>>>>
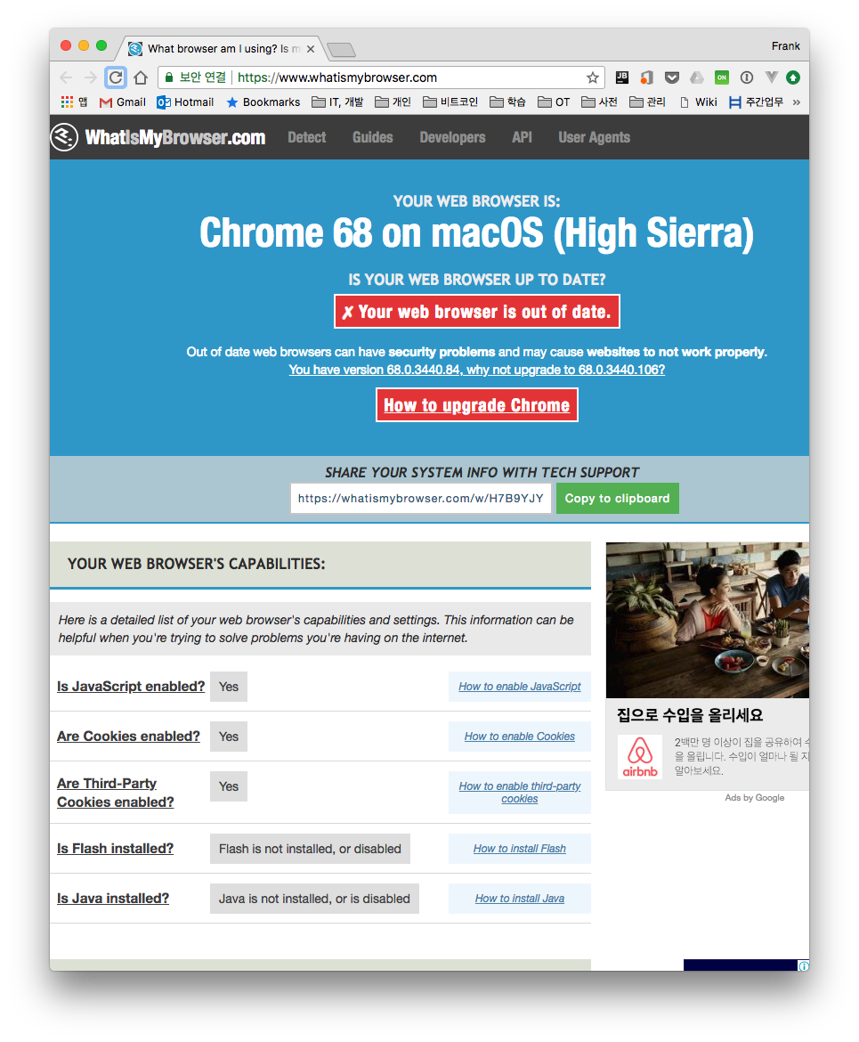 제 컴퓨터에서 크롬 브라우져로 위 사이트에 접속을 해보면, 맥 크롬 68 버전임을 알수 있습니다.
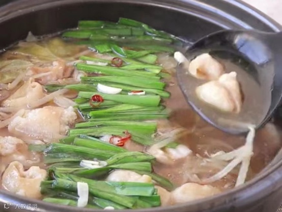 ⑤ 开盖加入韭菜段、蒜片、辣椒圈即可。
<<<<
>>>>
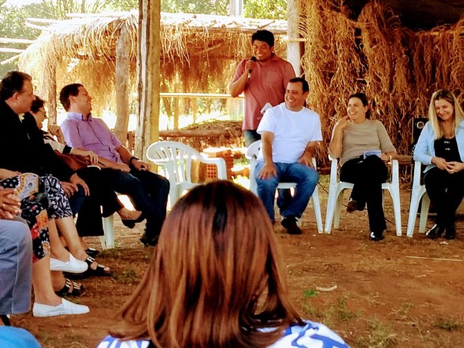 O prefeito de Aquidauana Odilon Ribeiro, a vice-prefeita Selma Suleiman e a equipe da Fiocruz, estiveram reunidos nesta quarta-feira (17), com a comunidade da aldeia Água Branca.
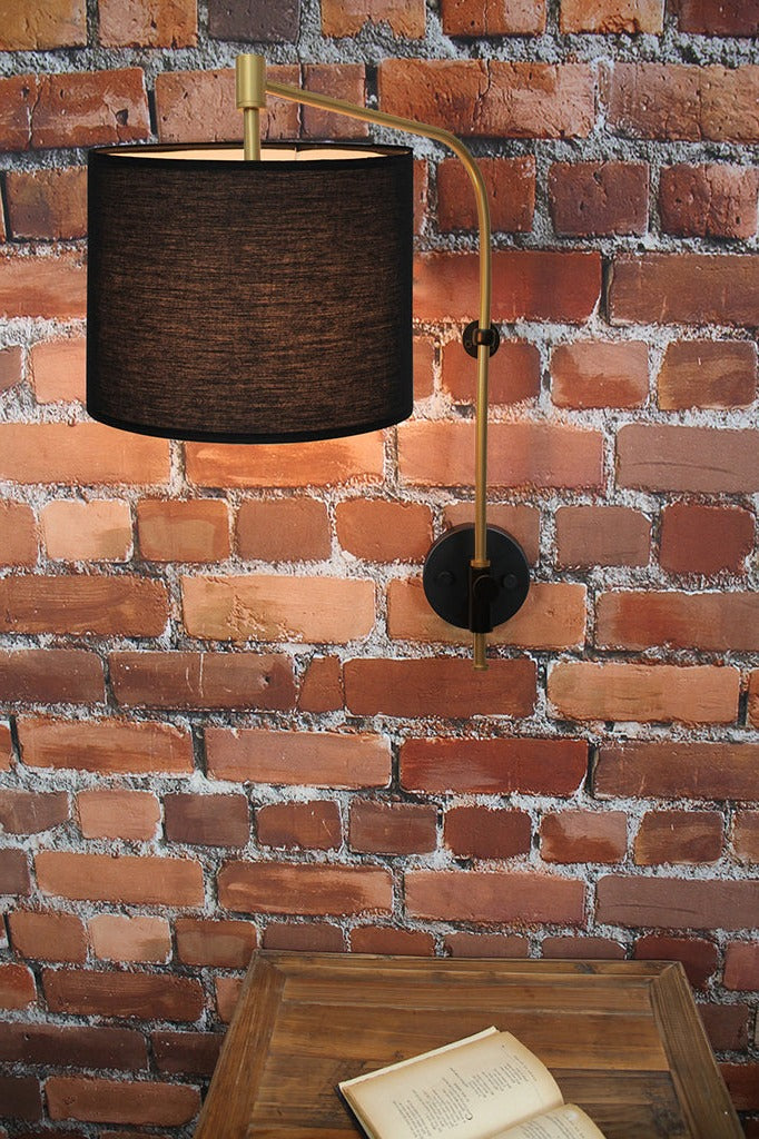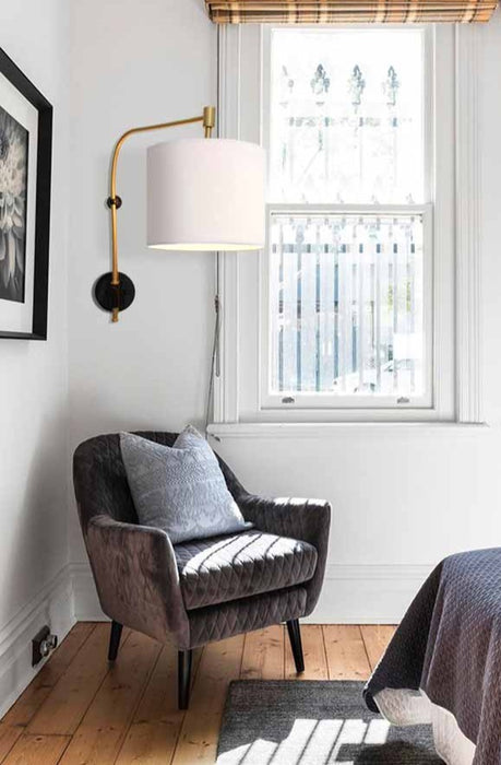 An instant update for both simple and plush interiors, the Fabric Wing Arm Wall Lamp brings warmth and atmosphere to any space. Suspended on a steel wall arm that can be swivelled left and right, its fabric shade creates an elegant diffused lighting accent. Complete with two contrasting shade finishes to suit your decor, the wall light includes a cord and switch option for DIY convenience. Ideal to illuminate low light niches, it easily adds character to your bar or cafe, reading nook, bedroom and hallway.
<<<<
Leaving each picture behind, please give again exactly the lines above from the one with "제 컴퓨터에서 크롬 브라우져로" through the one with "⑤ 开盖加入韭菜段、蒜片、辣椒圈即可。", both included, and no others.

> [ANSWER TO THIS EXERCISE]
 제 컴퓨터에서 크롬 브라우져로 위 사이트에 접속을 해보면, 맥 크롬 68 버전임을 알수 있습니다.
 ⑤ 开盖加入韭菜段、蒜片、辣椒圈即可。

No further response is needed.